◆ **Problem statement**
In the records below, some lines contain the word "power". Copy each of them.

◆ **Provided material**
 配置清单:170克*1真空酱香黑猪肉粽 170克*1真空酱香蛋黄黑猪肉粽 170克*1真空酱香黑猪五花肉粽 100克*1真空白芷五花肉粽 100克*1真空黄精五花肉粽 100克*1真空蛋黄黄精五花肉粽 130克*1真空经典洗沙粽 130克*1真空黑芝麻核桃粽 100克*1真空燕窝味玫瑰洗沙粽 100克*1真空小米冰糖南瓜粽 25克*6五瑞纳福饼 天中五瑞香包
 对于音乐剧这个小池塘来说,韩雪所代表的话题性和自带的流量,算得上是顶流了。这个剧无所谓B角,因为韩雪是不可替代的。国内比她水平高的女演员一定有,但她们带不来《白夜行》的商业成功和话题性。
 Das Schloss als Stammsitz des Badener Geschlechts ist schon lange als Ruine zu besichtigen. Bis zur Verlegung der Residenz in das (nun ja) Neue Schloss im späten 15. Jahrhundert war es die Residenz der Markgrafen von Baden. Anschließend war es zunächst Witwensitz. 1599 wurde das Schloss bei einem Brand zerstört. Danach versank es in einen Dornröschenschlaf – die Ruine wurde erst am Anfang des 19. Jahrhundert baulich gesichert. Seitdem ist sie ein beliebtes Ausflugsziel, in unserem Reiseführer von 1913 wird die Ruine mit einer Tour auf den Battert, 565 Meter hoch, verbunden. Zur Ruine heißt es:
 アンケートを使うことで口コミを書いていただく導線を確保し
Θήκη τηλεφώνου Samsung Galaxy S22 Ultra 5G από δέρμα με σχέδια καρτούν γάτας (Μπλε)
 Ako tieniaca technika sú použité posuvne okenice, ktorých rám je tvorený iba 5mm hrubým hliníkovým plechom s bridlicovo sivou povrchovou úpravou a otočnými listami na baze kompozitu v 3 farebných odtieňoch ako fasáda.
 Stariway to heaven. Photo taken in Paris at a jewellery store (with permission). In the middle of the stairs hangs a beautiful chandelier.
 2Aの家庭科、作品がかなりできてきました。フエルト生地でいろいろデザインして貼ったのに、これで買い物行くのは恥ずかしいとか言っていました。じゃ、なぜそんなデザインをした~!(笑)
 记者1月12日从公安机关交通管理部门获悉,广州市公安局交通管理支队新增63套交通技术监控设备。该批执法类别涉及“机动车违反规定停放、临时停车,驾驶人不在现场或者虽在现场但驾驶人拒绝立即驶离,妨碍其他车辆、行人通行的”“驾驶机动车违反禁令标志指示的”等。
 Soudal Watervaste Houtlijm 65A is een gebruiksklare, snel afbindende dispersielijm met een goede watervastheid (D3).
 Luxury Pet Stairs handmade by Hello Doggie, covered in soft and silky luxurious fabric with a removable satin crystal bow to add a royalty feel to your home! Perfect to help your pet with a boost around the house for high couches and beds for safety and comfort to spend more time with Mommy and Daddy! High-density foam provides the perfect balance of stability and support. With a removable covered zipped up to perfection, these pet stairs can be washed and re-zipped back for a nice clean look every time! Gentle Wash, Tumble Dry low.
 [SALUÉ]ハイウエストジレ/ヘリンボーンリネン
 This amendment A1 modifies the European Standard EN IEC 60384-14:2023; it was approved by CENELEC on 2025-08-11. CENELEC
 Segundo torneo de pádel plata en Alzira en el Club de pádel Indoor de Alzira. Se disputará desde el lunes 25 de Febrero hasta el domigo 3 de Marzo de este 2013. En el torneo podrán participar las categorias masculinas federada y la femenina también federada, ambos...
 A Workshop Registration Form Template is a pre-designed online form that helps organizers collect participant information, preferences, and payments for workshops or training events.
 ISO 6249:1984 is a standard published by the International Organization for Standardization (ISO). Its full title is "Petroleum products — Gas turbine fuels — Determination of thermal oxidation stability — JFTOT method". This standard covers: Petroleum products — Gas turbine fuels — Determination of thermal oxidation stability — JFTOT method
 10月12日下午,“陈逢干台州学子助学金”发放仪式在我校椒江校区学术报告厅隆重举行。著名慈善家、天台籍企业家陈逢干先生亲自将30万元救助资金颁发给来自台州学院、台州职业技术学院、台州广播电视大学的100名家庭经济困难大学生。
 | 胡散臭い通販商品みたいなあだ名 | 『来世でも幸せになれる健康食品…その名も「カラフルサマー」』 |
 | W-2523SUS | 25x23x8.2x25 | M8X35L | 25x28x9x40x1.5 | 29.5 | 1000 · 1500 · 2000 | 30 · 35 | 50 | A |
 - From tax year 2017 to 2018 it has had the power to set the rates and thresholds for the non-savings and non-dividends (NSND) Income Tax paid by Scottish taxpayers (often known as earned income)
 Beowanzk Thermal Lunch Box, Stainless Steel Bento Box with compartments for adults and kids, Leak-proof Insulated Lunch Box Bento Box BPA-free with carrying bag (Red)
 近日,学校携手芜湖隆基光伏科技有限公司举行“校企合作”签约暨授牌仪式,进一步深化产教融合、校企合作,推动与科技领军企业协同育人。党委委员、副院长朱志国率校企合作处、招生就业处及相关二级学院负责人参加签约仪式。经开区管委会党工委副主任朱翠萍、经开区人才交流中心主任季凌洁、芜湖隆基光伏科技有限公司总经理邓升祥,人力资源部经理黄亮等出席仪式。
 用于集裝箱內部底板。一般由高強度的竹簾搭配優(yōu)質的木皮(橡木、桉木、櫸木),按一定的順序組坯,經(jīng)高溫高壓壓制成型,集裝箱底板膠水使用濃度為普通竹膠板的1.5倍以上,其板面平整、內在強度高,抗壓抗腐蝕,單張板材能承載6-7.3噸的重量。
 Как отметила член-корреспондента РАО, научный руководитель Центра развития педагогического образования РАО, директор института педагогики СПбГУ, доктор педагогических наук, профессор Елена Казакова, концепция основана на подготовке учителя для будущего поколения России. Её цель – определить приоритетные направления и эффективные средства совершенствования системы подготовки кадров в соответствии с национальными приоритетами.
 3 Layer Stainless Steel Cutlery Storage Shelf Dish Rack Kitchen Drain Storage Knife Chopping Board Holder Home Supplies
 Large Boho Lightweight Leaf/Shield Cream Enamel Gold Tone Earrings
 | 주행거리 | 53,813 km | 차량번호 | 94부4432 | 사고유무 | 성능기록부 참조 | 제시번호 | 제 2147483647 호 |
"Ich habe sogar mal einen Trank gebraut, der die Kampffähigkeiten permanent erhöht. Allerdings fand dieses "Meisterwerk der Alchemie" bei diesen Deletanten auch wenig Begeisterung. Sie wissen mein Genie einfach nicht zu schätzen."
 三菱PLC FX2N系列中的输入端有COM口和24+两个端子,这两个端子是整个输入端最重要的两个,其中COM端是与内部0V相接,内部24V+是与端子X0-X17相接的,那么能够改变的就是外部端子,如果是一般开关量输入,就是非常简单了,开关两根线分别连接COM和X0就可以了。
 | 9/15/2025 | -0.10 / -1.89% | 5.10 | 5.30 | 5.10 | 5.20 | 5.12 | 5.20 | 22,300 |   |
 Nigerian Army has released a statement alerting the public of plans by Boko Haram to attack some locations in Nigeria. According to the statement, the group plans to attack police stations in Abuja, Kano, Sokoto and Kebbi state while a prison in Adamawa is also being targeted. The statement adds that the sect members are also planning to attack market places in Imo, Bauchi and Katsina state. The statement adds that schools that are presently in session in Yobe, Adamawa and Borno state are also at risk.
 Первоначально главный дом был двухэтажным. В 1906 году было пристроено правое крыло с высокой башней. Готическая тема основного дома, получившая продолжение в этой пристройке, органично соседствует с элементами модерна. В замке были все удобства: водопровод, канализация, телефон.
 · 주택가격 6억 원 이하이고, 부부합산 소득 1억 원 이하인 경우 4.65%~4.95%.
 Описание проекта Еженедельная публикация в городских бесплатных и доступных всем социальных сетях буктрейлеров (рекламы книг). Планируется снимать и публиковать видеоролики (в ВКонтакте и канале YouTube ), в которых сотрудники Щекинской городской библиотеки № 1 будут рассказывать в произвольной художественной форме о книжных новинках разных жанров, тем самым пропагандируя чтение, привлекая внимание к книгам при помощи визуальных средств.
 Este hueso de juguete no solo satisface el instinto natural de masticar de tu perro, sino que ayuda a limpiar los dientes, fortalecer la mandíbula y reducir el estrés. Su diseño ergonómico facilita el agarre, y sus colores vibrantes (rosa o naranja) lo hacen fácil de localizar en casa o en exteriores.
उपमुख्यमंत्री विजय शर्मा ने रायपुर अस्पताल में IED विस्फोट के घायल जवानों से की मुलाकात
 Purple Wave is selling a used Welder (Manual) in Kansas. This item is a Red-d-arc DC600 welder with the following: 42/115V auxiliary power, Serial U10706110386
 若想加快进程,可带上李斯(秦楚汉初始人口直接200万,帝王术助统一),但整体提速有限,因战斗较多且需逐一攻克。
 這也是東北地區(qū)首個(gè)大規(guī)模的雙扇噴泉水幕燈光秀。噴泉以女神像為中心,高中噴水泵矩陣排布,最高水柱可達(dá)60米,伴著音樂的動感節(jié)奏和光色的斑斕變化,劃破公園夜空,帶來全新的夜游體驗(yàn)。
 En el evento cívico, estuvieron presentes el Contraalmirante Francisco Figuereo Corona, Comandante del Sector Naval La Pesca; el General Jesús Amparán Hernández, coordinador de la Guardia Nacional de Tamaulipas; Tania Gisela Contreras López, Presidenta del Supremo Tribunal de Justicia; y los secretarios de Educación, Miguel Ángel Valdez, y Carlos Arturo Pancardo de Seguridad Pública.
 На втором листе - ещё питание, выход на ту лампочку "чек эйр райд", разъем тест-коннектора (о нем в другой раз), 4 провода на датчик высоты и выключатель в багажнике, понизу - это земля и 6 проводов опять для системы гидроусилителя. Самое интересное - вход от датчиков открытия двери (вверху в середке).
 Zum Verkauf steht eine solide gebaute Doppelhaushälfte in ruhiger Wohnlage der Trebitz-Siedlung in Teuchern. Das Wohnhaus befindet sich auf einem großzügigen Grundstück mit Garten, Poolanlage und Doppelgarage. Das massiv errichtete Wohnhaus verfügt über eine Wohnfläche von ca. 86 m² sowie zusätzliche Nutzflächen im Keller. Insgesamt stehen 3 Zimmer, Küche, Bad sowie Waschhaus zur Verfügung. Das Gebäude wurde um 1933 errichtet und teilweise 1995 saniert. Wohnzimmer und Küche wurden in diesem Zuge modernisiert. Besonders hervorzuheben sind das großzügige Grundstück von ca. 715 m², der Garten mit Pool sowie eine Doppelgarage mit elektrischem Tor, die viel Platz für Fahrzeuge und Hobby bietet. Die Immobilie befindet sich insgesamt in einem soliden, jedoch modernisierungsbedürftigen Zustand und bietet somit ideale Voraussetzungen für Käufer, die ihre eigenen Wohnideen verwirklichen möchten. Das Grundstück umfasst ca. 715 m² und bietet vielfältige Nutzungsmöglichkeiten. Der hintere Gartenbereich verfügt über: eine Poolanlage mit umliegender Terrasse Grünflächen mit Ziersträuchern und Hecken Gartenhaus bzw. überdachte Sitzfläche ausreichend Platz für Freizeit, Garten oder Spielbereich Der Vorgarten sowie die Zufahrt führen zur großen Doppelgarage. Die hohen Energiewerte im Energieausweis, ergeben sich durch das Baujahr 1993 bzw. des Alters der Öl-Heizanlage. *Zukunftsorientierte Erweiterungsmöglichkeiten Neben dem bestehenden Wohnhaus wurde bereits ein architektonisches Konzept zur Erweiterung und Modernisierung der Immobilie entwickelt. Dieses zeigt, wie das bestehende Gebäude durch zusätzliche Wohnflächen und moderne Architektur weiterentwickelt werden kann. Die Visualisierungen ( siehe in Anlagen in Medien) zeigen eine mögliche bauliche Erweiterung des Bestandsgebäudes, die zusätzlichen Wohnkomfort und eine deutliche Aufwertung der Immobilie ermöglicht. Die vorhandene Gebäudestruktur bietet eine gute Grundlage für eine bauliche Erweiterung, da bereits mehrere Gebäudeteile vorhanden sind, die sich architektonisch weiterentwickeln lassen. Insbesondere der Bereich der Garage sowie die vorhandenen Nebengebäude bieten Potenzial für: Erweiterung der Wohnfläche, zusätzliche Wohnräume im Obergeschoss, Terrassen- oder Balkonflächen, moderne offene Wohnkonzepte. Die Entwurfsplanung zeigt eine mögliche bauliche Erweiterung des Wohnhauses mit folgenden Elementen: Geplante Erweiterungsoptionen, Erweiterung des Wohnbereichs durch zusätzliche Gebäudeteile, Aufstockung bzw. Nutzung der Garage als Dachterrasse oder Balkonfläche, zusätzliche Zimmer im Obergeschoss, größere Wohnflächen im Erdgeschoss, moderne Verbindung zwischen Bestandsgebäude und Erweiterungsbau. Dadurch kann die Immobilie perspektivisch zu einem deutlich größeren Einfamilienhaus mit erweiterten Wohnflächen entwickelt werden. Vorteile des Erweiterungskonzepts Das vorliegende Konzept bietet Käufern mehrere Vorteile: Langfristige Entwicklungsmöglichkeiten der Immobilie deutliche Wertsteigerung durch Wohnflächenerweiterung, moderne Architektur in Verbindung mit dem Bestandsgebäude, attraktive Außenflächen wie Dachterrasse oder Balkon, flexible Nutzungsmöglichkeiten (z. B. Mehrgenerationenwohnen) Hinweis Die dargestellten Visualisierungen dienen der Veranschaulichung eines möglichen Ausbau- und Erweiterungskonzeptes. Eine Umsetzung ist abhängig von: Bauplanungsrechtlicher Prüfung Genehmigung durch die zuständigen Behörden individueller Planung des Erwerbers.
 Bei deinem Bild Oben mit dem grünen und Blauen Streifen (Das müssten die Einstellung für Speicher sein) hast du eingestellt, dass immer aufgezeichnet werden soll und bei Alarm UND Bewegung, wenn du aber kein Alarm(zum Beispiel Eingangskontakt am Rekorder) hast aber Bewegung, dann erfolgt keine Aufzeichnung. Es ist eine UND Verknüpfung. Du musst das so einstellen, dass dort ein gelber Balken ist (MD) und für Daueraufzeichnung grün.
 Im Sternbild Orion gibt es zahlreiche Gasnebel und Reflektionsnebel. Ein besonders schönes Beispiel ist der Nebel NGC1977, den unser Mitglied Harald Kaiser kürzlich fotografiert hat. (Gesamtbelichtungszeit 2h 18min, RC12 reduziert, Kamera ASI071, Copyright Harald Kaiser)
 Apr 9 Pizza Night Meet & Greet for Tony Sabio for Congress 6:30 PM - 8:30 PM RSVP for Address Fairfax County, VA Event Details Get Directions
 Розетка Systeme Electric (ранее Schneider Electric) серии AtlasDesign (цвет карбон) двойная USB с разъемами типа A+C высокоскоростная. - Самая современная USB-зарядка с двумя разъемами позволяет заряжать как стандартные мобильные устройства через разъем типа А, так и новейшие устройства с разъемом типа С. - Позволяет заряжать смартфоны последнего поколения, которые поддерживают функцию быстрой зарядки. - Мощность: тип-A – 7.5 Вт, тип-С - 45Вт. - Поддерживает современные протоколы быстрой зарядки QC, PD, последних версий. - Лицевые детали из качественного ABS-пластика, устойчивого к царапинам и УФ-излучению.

◆ **Solved exercise**
 - From tax year 2017 to 2018 it has had the power to set the rates and thresholds for the non-savings and non-dividends (NSND) Income Tax paid by Scottish taxpayers (often known as earned income)
 Purple Wave is selling a used Welder (Manual) in Kansas. This item is a Red-d-arc DC600 welder with the following: 42/115V auxiliary power, Serial U10706110386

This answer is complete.